I was using 5th-order WENOZ with HLLD. There is a sort of odd-even-like artifact that can crop up in HLLD. I’ve found a little bit of magnetic resistivity goes a long way toward fixing that. I put together a quick gif<https://nagini.pa.msu.edu/index.php/s/JpBSEYEOzc4XZT9> of the magnetic pressure from the field loop test I did demonstrating the artifacts I saw and how they depend on the E-field construction parameters/Riemann solver/resistivity.
Sean
On May 11, 2016, at 8:58 AM, John ZuHone <jzuhone at space.mit.edu<mailto:jzuhone at space.mit.edu>> wrote:
It may also be relevant to know what hydro reconstruction method is being used in the case of USM (for both Sean and Jonathan?). There are known problems of this sort when using HLLD, for example.
On May 11, 2016, at 8:56 AM, Sean Couch <smc at flash.uchicago.edu<mailto:smc at flash.uchicago.edu>> wrote:
Hi Jonathan,
I’ve seen similar, though not identical, artifacts at refinement boundaries with USM using similar nested AMR grids in the context of stellar core collapse. I was also able to reproduce artifacts using a simple field loop advection test that traverses a fixed jump in refinement. What I found helped or, in the latter case, completely cleared it up was the following settings:
E_modification = .true. # High order algorithm for E-field construction
E_upwind = .true. # upwinding for E-field construction
energyFix = .true. # Update magnetic energy using staggered B-fields
prolMethod = “injection_prol" # Prolongation method (injecton_prol, balsara_prol)
I think the last setting in particular is relevant here. This is the method of prolongation in the guardcells at refinement boundaries. What option are you currently using? Injection is the default. You may try switching the prolMethod and see if that changes anything.

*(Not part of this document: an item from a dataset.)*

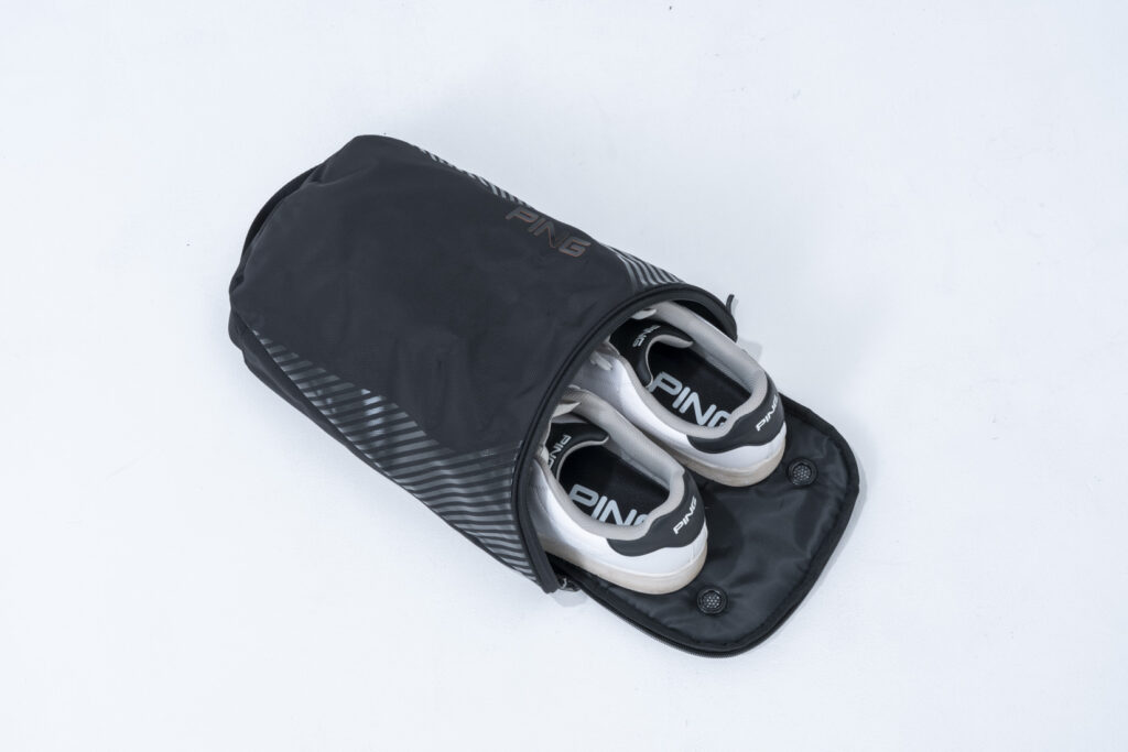 - 洗練されたデザインの連動アクセサリーも展開。ボールケースやリュック型クラブケースをはじめ、普段使いにも馴染むラウンドトートやポーチなど、トータルコーディネートが楽しめるラインアップである。

I’m interested to here if any of this as an effect on what you’re seeing!
Sean
----------------------------------------------------------------------------------------------------------
Sean M. Couch
Assistant Professor
Department of Physics and Astronomy
Department of Computational Mathematics, Science, and Engineering
National Superconducting Cyclotron Laboratory/Facility for Rare Isotope Beams
Michigan State University
567 Wilson Rd, 3250 BPS
East Lansing, MI 48824
(517) 884-5035 —— couch at pa.msu.edu<mailto:couch at pa.msu.edu> —— www.pa.msu.edu/~couch<http://www.pa.msu.edu/~couch>
On May 11, 2016, at 7:55 AM, Jonathan Thurgood <jonathan.thurgood at northumbria.ac.uk<mailto:jonathan.thurgood at northumbria.ac.uk>> wrote:
Dear All,
I was hoping someone might be able help me to overcome a seemingly serious problem which looks like it might prohibit me from migrating my current research project to FLASH.
SETUP DESCRIPTION:
The test setup is a linear, 2D magnetic null point:
B=[x,-y] .
This is a cylindrically symmetric structure where the magnetic field strength linearly increases with radius. It is in force balance between magnetic tension and magnetic pressure and is known to be a stable equilibrium. All other parameters are taken as constants. I essentially want to study implosions guided into this structure, so have implemented a ‘fixed’ multi-resolution mesh whereby the highest levels of refinement are clustered towards B=0 at the origin, e.g.:
https://jonathanthurgood.files.wordpress.com/2016/05/fig_fieldlines.png (2d null point, field line structure)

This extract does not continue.